* ACTIVITY
What is needed is an exact repetition of the lines below, from the first one through the one holding "and reduced sheerness!)", with no pictures and nothing else.

* GIVEN MATERIAL
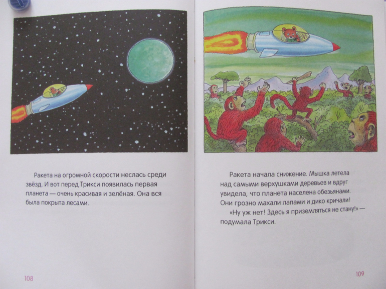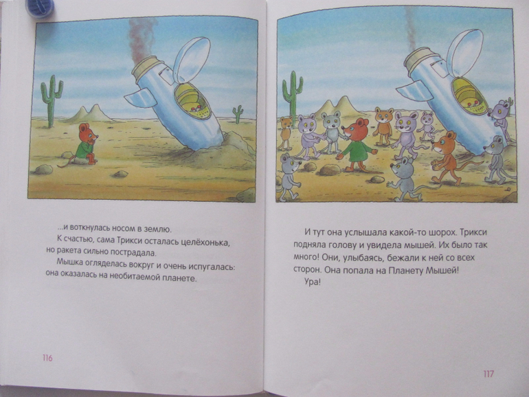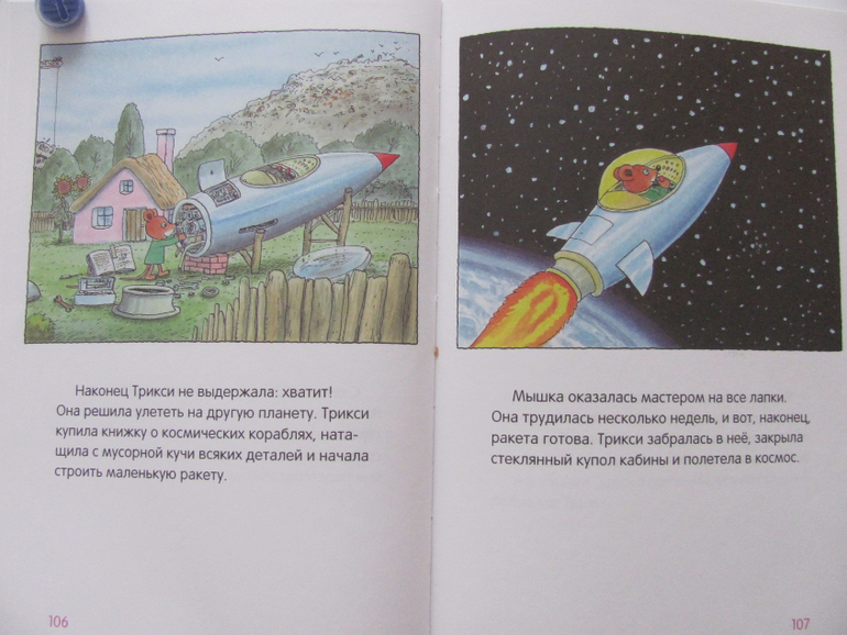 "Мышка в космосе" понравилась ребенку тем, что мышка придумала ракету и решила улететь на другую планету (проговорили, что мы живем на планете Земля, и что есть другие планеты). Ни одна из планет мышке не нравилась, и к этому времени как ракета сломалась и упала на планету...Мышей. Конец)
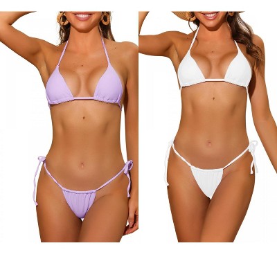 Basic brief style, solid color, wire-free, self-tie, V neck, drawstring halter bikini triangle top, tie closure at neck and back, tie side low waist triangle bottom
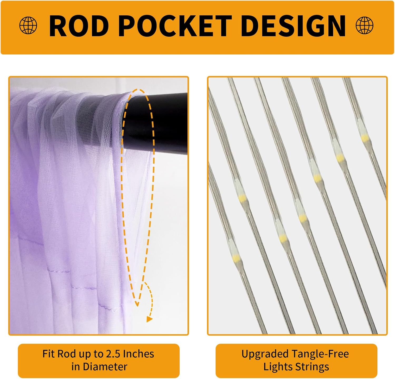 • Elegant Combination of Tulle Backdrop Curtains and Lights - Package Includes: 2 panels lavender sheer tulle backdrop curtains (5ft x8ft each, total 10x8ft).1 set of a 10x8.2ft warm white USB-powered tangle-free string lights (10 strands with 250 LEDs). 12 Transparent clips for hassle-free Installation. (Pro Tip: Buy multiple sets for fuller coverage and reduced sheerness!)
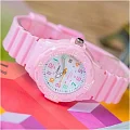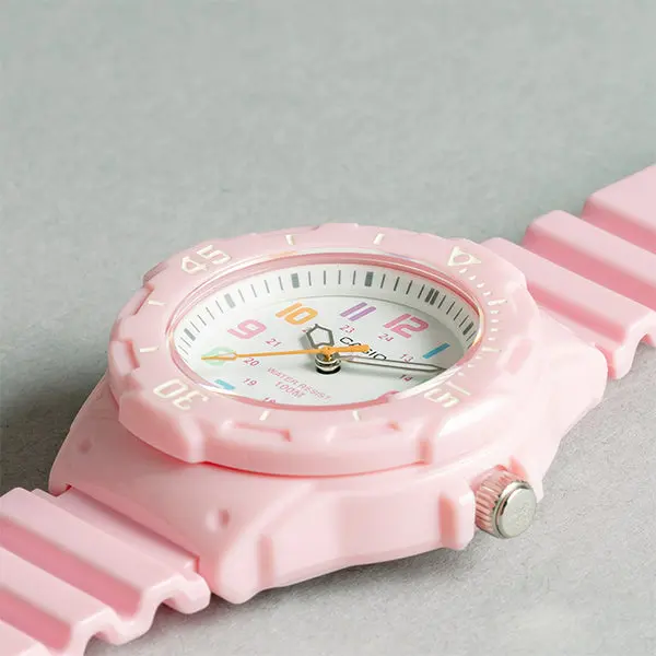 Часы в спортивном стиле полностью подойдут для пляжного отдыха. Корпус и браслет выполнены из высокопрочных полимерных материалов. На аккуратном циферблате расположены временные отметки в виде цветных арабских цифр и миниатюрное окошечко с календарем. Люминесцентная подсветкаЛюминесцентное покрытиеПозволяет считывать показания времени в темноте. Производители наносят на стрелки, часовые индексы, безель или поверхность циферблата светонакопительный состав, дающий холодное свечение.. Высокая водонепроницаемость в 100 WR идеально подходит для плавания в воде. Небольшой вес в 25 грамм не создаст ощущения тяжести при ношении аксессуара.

* ANSWER
 "Мышка в космосе" понравилась ребенку тем, что мышка придумала ракету и решила улететь на другую планету (проговорили, что мы живем на планете Земля, и что есть другие планеты). Ни одна из планет мышке не нравилась, и к этому времени как ракета сломалась и упала на планету...Мышей. Конец)
 Basic brief style, solid color, wire-free, self-tie, V neck, drawstring halter bikini triangle top, tie closure at neck and back, tie side low waist triangle bottom
 • Elegant Combination of Tulle Backdrop Curtains and Lights - Package Includes: 2 panels lavender sheer tulle backdrop curtains (5ft x8ft each, total 10x8ft).1 set of a 10x8.2ft warm white USB-powered tangle-free string lights (10 strands with 250 LEDs). 12 Transparent clips for hassle-free Installation. (Pro Tip: Buy multiple sets for fuller coverage and reduced sheerness!)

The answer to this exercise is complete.